Hey, good morning, guys. Thanks for taking my question. On guidance, you touched on it a bit in the prepared remarks, but can you give more detail on what's driving the increase in expected revenue for this year?
Thank you, Ryan, for the question and, you know, the remarks on this quarter. We continue to be active in the market, and we've seen both near term and line of sight to long-term offtake. That has allowed us to increase our guidance marginally to what we believe will potentially be the outcome of the year and, you know, move us up about $25 million within the range.
Thanks.
Thank you. Your next question comes from Rob Brown from Lake Street Capital Markets. Please go ahead.
Good morning. Congratulations on all the progress. Could you give us a sense of the pricing and margin trends in the backlog? It seems like things on the SWU side, things are moving up. Just what's the sort of average pricing trend in the backlog?
Good morning, Rob. Good to hear from you. Thank you for the question. Although I can't specifically address contractual pricing as we stated in the past before, I will say to you that the trend is continuing to look like it has in the last few years, where you have constricted supply, you have increasing demand, both from the existing fleet and from the new reactors that are either in demo state or reactors that are planning to be started up soon. I mean, people are starting to think about fuel and start putting their fuel orders. That puts pressure on the market. What you're seeing overall from a macro level, you're seeing pressure on the price through the demand side of it. We're seeing a lot of favorability there.
Once again, I cannot comment specifically about prices, but we certainly are seeing favorability in the short, midterm, and the long run in terms of contractual activity.
All right. Thanks for the color.
Thank you. Your next question comes from Joseph Reagor from ROTH Capital Partners. Please go ahead.
Hey, Amir and team. Thanks for taking the questions. I guess just kind of a follow-on to one of the previous questions. The additional $25 million that you guys have added, was any of that in Q1, or is it all future-looking? Just so we can understand kind of the cadence of how things kind of come to be.
Good morning, Joseph.
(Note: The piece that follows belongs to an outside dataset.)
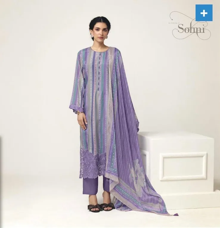 Pure maslin with digital print resham scallop organza embroidery, hemline and scallop border on sleeve

Thanks for the question. We would look at it more as, obviously our business, and I described this in the call. It's wise to look at our business on a TTM basis, as shipments and deliveries can move from quarter to quarter. It's difficult to comment to say exactly which quarter it took place. We do have comments within our MD&A section. What I would say is we're in line with our expectations for the first quarter, and the future quarters, I would say, you know, would be ratable to comparable periods in the past and to always adjust based on a TTM view which gives us the best 12-month period to look at total revenue, net income and performance of the company.
Okay, thanks.
Thank you. Your next question comes from Nicholas Amicucci from Evercore ISI. Please go ahead.
Hey, Amir and Todd. Good morning. A couple of quick ones from me. I just wanted to kind of dig into the Palantir partnership a little bit. You guys have outlined that you identified opportunities to reduce manufacturing lead times. Should we be thinking about that in the realm of the first cascade for on the 42-month timeframe or kind of across the board? As we think about just the cost for the full build-out. Right. $1.9 billion worth of cash on the balance sheet. You're in a strong position now.
If we could just kind of provide some color, you know, on, you know, the initial build, and then at what point do you get to, I guess, for lack of a better term, proof of concept, where then you can entertain other financing options, like maybe project financing, you know, the Cascade or something to that nature?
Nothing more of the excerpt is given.